The proposed service, named DNS4EU, is currently in a project planning phase, and the EU is looking for partners to help build a sprawling infrastructure to serve all its current 27 member states.
EU officials said they started looking into an EU-based centrally-managed DNS service after observing consolidation in the DNS market around a small handful of non-EU operators.
“The deployment of DNS4EU aims to address such consolidation of DNS resolution in the hands of few companies, which renders the resolution process itself vulnerable in case of significant events affecting one major provider,” officials said in the DNS4EU infrastructure project revealed last week.
But EU officials said that other factors also played a role in their decision to build DNS4EU, including cybersecurity and data privacy.
DNS4EU to include powerful filtering capabilities
The EU said that DNS4EU would come with built-in filtering capabilities that will be able to block DNS name resolutions for bad domains, such as those hosting malware, phishing sites, or other cybersecurity threats.
This filtering capability would be built using threat intelligence feeds provided by trusted partners, such as national CERT teams, and could be used to defend organizations across Europe from common malicious threats.
It is unclear if DNS4EU usage would be mandatory for all EU or national government organizations, but if so, it would grant organizations like CERT-EU more power and the agility it needs to block cyber-attacks as soon as they are detected.

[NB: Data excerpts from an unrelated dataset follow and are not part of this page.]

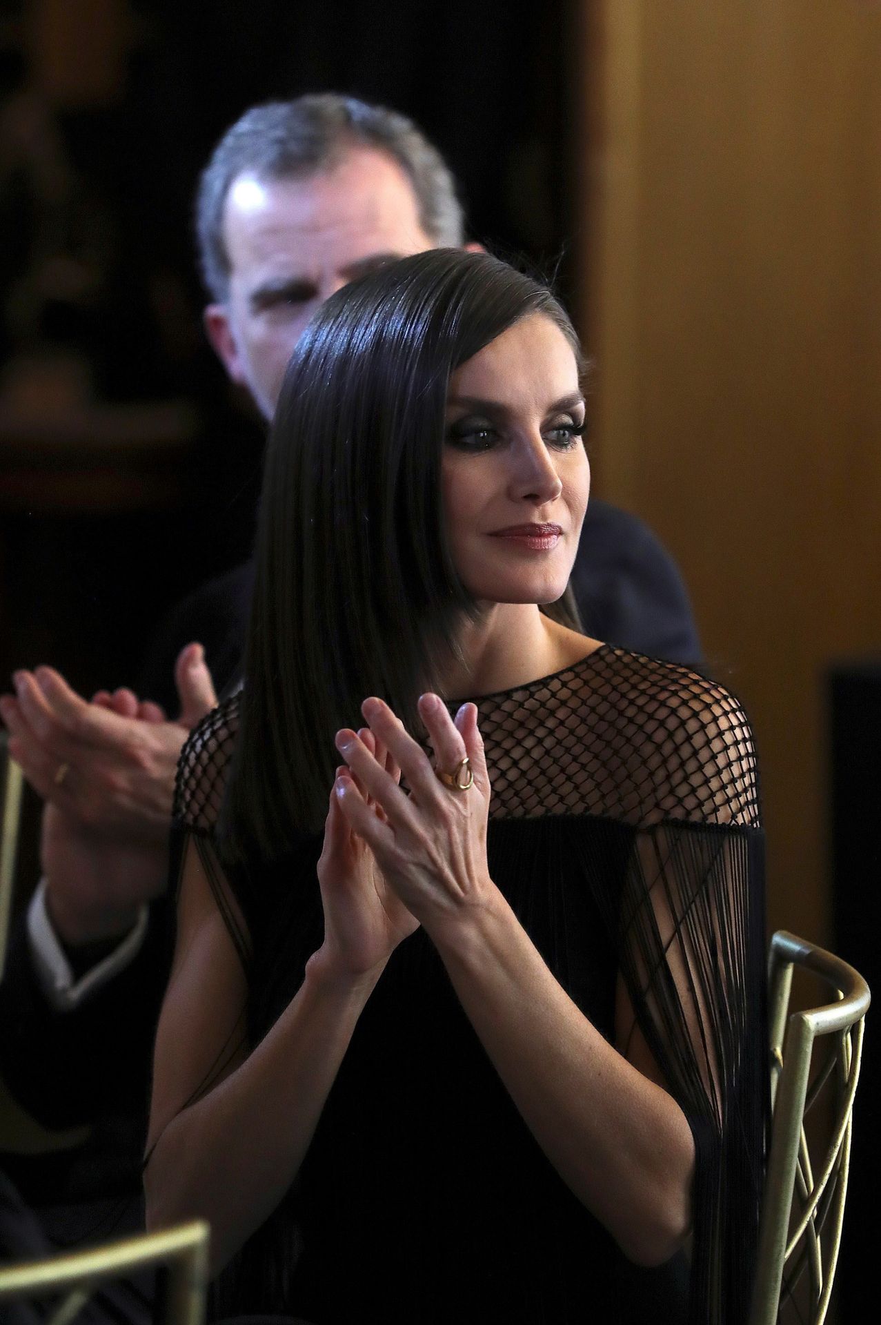 Para la entrega de los premios que suponía el debut de la Princesa Leonor en los premios que llevan su nombre, la Reina volvía a confiar en su color favorito y Felipe Varela: vestido de seda de manga corta por debajo de la rodilla y falda semitransparente con una silueta que realza su figura. Como cinturón escogió un drapeado brillante con cristales incrustados.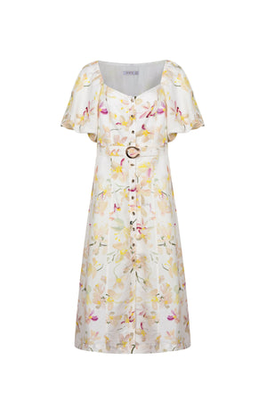 Zoey is a feminine, mid-length dress crafted from a blend of linen and rayon, offering a soft yet breathable texture with a graceful drape. The fabric features a light ivory base adorned with a delicate watercolor-style floral print in soft pastel shades — buttery yellows, blush pinks, lilacs, and hints of green — creating a fresh, romantic, and spring-like aesthetic. - Lined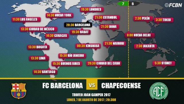 In Sudamérica, Centroamérica, Caribbean, Mexico and Brazil, the Gamper 2017 Barcelona against Chapecoense can see live in the following channels and schedules:

In addition, EU officials also want to use DNS4EU’s filtering system to also block access to other types of prohibited content, which they say could be done based on court orders. While officials didn’t go into details, this most likely refers to domains showing child sexual abuse materials and copyright-infringing (pirated) content.
The EU said the proposed DNS4EU system would also have to comply with all data processing laws, such as the GDPR, ensure that domain name resolution data is processed in Europe, and prohibit the sale or monetization of any personal data.
As for the technical details, DNS4EU would also have to support all modern DNS standards and technologies, such as DNSSEC, DoT, DoH, and also be IPv6 compliant.
Once launched, officials said the service would be available to anyone, including the private sector and home consumers, and not just for public institutions.
The company or companies that will be selected to build DNS4EU will also be tasked with creating and running a website with instructions on how users could modify their devices’ DNS settings to use DNS4EU servers for name resolutions.
Commendable effort, but success will depend on many factors
“I think this is a necessary initiative within a strategy of digital sovereignty: Europeans should have the readily available option of a free EU-based public resolver, as an alternative to Google’s current dominant service and other similar non-EU ones,” Vittorio Bertola, Head of Policy & Innovation at Open-Xchange, a company that provides email and DNS services, told The Record in an email today.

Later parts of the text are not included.